Infatti, contrariamente a quanto comunemente si pensa, il genotipo grano antico o grano moderno risulta importante solo nel determinare l’aspetto e la consistenza della crosta e della mollica. L’effetto principale sull’alveolatura e sull’odore viene dall’agente lievitante (lievito di birra o pasta madre), mentre la cottura (forno a legna o a gas) ha un ruolo marginale. Sono quindi le tecniche di lavorazione della granella e degli impasti a rendere di fatto il pane veramente profumato e gustoso.

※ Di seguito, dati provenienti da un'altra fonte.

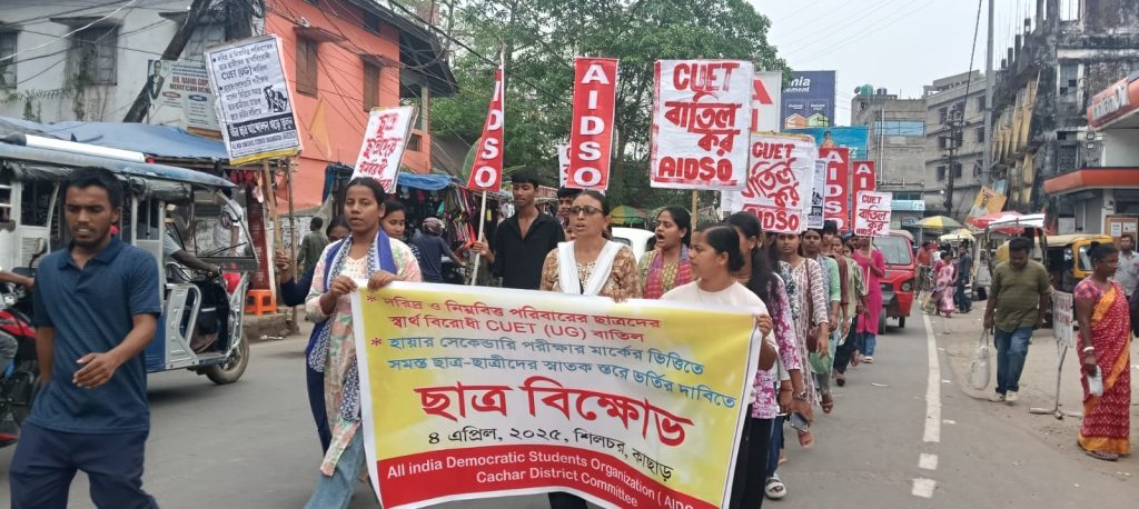 कछार, 5 अप्रैल: केंद्रीय विश्वविद्यालय प्रवेश परीक्षा (सीयूईटी) को रद्द करने और पारंपरिक पद्धति से महाविद्यालयों में प्रवेश की मांग को लेकर ऑल इंडिया डेमोक्रेटिक स्टूडेंट्स ऑर्गनाइजेशन (एआईडीएसओ) की कछार जिला समिति ने आज एक जोरदार विरोध मार्च का आयोजन किया। यह मार्च दोपहर 2 बजे संगठन के उकीलपट्टी स्थित जिला कार्यालय से शुरू होकर जिला उपायुक्त कार्यालय तक पहुँचा, जहाँ संगठन ने असम विश्वविद्यालय के कुलपति के नाम एक ज्ञापन सौंपा।
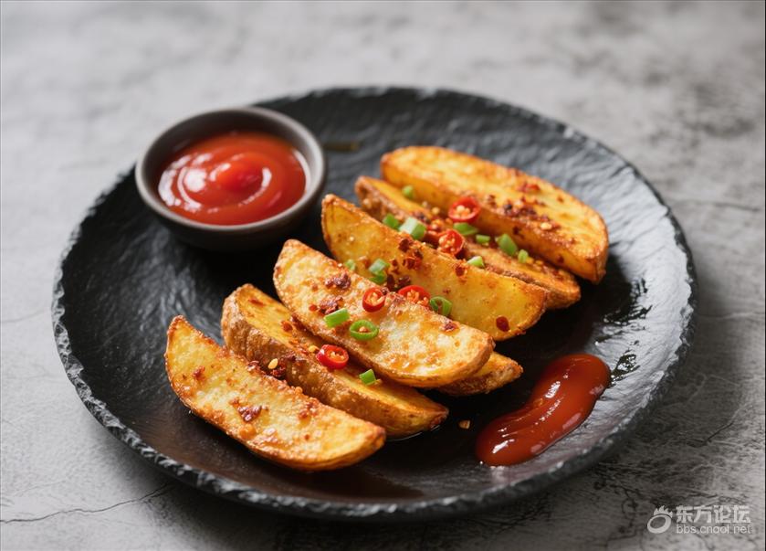留 1 勺炸土豆的底油,小火炒蒜末 10 秒出香(防焦苦),倒土豆块中火翻炒 1 分钟裹蒜香。关火后加 1 勺辣椒粉、半勺花椒粉、适量盐(提前腌过,盐减量),喜欢孜然味加半勺孜然粉,翻炒匀后撒葱花、香菜碎、白芝麻即可。

I ricercatori del Crea hanno utilizzato due varietà di grano duro: una antica con taglia alta e bassissimo indice di glutine e l’altra moderna con taglia bassa e alto indice di glutine. La granella ottenuta è stata quindi macinata con due diverse tecniche, lievitata con due diversi agenti e infine è stata cotta in due diversi tipi di forno, fino ad ottenere 16 tipologie differenti di pani, di cui sono stati analizzatigli odori, il contenuto proteico, l’indice di glutine, le ceneri, le fibre solubili e insolubili, il colore, il sapore, la consistenza della mollica, l’alveolatura, insieme ad una valutazione sensoriale dei pani.
Secondo il Crea, lo studio potrebbe avere ricadute dirette per l’industria di trasformazione (panifici, pastifici, industria dei dolci) consentendo lo sviluppo di nuovi prodotti con caratteristiche sensoriali ben precise ma soprattutto offre al consumatore uno strumento per operare delle scelte più consapevoli e, magari anche economicamente più convenienti, sottraendosi all’influenza di mode alimentari spesso dettate da disinformazione.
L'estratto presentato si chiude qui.